Top of EXERCISE INPUT

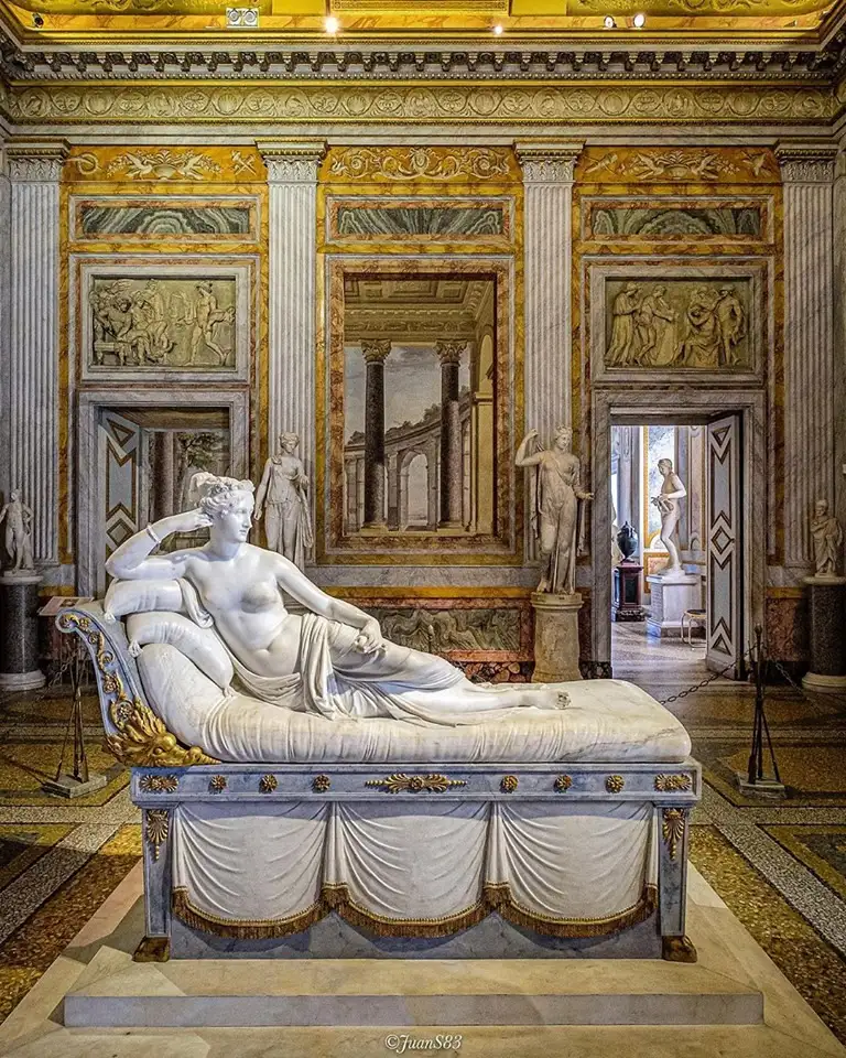 Benché avviata da un “Cardinal Nepote” e sempre legata alla curia papale, la galleria Borghese è probabilmente il museo più bello e più erotico del mondo. In ogni sala si incontrano quadri o sculture che ritraggono cosce tornite, seni rigonfi, labbra dischiuse, ombre carezzevoli, veli che scivolano, dita frementi. Talvolta cis i limita alla rarefatta atmosfera del simbolo (come nella “Dama col liocorno” di Raffaello). In altri casi l’ero è evidentissimo. Nella “Danae” di Correggio la fanciulla accoglie la pioggia d’oro con un gesto esplicito, mente Amore scosta le lenzuola. Traboccanti di amore carnale sono le sculture del Bernini. Apollo insegue Dafne, e appena riesce a toccarla ecco la pelle liscia di lei trasformarsi in scorza di albero, con un capolavoro di virtuosismo marmoreo senza uguali. Plutone smania cercando di trattene Proserpina che si dibatte fra le sue braccia. E ancora Domenichino, nella “Caccia di Diana”, pone le ninfe nelle acque cristalline, in uno sbocciare di sguardi malandrini. L’apoteosi è infine la “Paolina Borghese” scolpita dal Canova: il marmo in origine era spalmato di cera rosata e mostrato al lume di candela a pochi, selezionati ospiti.
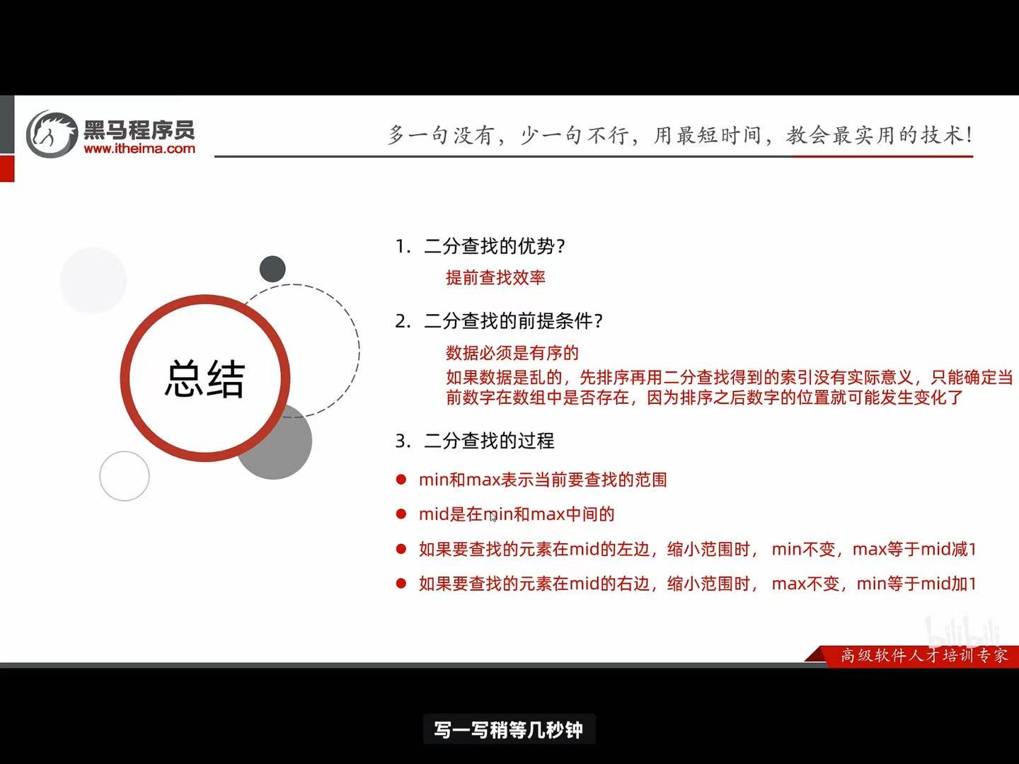 package com.search;public class half_search {public static void main(String[] args) {//1、先定义一个数组int []arr={15,20,28,36,89,123,144};System.out.println(HalfSearch(arr,150));}//2、再定义一个方法二分查找public static int HalfSearch(int[] arr, int e){int min=0;int max=arr.length-1;while(true){if(min>max){return -1;}int mid=(max+min)/2;if(arr[mid]>e){max=mid-1;}else if(arr[mid]<e){min=mid+1;}else{return mid;}}}
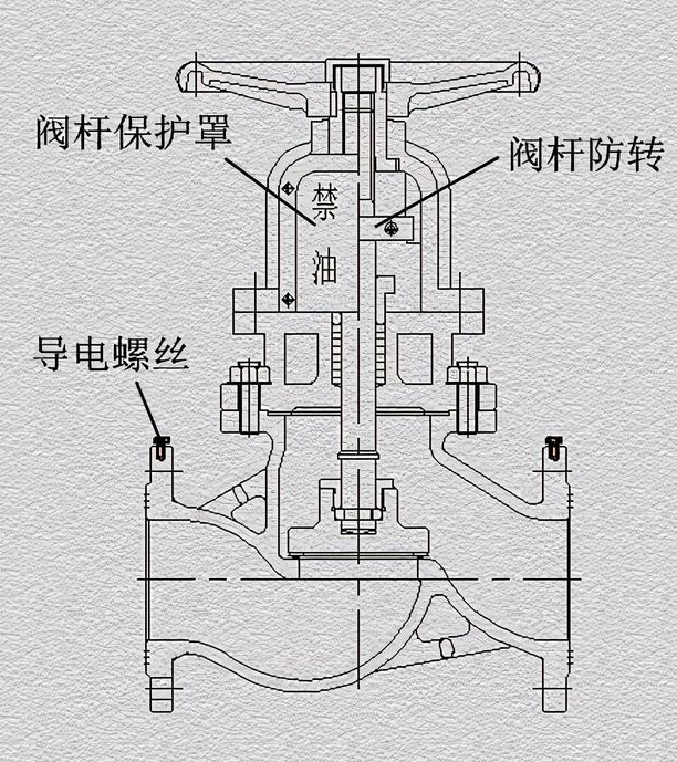 5. 閥桿保護裝置。外漏閥桿部分有保護罩,防止灰塵和油污。有“禁油”標志。
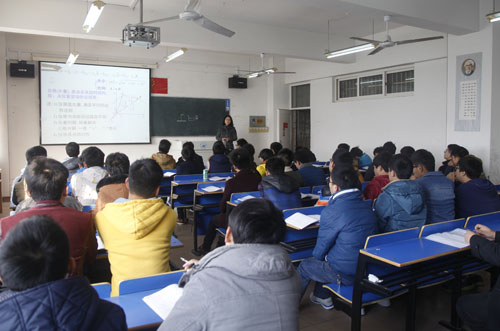 甘筱青校长、纪岗昌副校长来到竞知楼,听取了理学院沈红博士讲授的《大学物理》课程。沈红是学校新引进的博士。听课结束后,甘校长对沈红博士的授课进行了点评,并与她探讨了教学的方法、技巧。
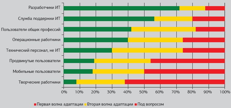 Система Windows горизонтальна по своей природе вне зависимости от того, кто ее использует. Однако при переходе на Linux совсем не обязательно придерживаться такого же построения. Требования каждого из пользователей весьма различны, к примеру, одним необходимы электронная почта, текстовый редактор и браузер, другим — специализированные системы. Поэтому в ходе опроса респондентам было предложено разбить пользователей на несколько целевых аудиторий, чтобы выяснить, каким из выделенных групп стоит заниматься первоначальной адаптацией, каким — обработкой опыта внедрения, а каким, возможно, и вовсе не стоит переходить на использование Linux. С категорией опытных ИТ-специалистов сюрприза не произошло: это очень хороший выбор для первопроходцев — продвинутых пользователей.
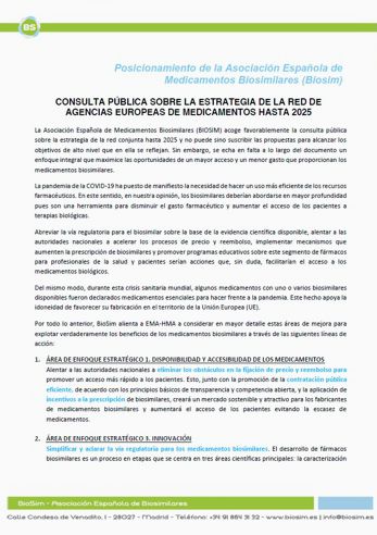 La Asociación Española de Medicamentos Biosimilares (BIOSIM) acoge favorablemente la consulta pública sobre la estrategia de la red conjunta hasta 2025 y no puede sino suscribir las propuestas para alcanzar los objetivos de alto nivel que en ella se reflejan. Sin embargo, se echa en falta a lo largo del documento un enfoque integral que maximice las oportunidades de un mayor acceso y un menor gasto que proporcionan los medicamentos biosimilares.

Bottom of EXERCISE INPUT

*GOAL OF THE EXERCISE*: Leaving out each picture, repeat exactly the lines above from the one that contains "package com.search;public class" through the one that contains "甘筱青校长、纪岗昌副校长来到".

*YOUR SOLUTION*:
 package com.search;public class half_search {public static void main(String[] args) {//1、先定义一个数组int []arr={15,20,28,36,89,123,144};System.out.println(HalfSearch(arr,150));}//2、再定义一个方法二分查找public static int HalfSearch(int[] arr, int e){int min=0;int max=arr.length-1;while(true){if(min>max){return -1;}int mid=(max+min)/2;if(arr[mid]>e){max=mid-1;}else if(arr[mid]<e){min=mid+1;}else{return mid;}}}
 5. 閥桿保護裝置。外漏閥桿部分有保護罩,防止灰塵和油污。有“禁油”標志。
 甘筱青校长、纪岗昌副校长来到竞知楼,听取了理学院沈红博士讲授的《大学物理》课程。沈红是学校新引进的博士。听课结束后,甘校长对沈红博士的授课进行了点评,并与她探讨了教学的方法、技巧。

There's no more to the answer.